Facebook flotation values the company at $104 billion
18 May 2012
Thu, 16 Feb 2012
Valentine's Day may be a great day for couples but it certainly wasn't for the FTSE100 index. Last Tuesday it dropped to 5,892 after closing 53 points up the day before. Find out why here.
By Ed Towner
It may have been the day of love, but last Tuesday there was nothing but horror on the trading floor as the FTSE100 index dropped dramatically due to the UK credit warning.
Monday evening saw the downgrading of six eurozone countries; Italy, Malta, Portugal, Slovakia, Slovenia and Spain, while Moody's credit rating agency also warned AAA-rated Austria, France and the UK that their positions are not set in stone.
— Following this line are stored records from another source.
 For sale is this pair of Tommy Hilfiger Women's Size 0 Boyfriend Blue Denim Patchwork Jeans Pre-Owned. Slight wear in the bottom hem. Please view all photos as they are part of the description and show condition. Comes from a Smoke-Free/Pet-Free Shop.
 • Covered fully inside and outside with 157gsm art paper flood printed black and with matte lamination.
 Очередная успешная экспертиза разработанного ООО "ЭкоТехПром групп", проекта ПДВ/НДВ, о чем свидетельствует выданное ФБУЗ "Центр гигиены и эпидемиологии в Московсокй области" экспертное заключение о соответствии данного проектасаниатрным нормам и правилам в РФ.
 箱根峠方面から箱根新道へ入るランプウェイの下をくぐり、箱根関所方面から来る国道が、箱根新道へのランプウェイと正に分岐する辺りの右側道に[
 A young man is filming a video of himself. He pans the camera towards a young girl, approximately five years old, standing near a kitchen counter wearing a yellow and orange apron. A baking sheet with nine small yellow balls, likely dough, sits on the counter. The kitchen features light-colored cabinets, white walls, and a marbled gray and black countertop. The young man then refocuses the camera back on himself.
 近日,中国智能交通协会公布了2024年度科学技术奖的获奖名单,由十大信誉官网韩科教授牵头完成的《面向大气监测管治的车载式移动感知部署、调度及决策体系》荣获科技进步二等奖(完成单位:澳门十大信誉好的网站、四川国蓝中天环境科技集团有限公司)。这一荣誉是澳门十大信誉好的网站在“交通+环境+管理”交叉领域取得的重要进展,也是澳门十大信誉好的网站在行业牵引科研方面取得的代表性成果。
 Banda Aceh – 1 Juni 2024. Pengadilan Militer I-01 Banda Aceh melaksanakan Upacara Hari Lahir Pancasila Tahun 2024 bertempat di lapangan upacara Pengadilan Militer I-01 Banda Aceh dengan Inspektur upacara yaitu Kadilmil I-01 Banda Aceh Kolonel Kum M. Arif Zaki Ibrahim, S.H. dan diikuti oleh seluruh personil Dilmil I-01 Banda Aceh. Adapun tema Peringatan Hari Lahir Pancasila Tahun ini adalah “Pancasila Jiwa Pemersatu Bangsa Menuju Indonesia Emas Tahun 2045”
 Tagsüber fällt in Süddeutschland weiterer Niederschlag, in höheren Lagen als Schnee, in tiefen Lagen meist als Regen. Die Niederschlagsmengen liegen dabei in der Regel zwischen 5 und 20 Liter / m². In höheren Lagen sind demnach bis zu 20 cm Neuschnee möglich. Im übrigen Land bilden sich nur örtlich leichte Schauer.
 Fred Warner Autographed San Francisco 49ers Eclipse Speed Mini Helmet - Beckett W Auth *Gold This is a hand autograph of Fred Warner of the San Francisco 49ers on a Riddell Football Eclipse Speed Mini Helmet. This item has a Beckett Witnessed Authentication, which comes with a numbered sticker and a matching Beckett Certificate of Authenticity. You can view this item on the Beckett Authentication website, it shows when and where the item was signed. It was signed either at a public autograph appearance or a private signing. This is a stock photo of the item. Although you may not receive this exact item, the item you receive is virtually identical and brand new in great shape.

On Monday 13 February the FTSE100 closed up 53 points at 5,906 before dropping to 5,892 on the Tuesday following the report.
This move reflects the lack of love and feeling in the markets on Valentine's Day and traders' concerns haven't gone away as they seem to be investing with some caution ahead of the decision on the Greek position in the eurozone.
In the week leading up to Valentine's Day customer buying was on the increase, with a 10% rise in week-on-week equity investment and 15% more stock being bought than sold that week, TD Investing data show.
According to Stuart Welch, chief executive of TD Direct Investing, exploration companies are the main source of interest this year judging by how much interest they are attracting from investors.
"Gulf Keystone Petroleum, which tops our tables this week accounts for 26% of the buys and 21% of the sells. The AIM-listed oil explorer's followers will have seen its shares more than double since the start of the year, and its market capitalisation now reaches well over £3bn."
"The company has been causing some excitement with its latest exploration well and there has been much talk that it could attract attention from larger groups such as ExxonMobil."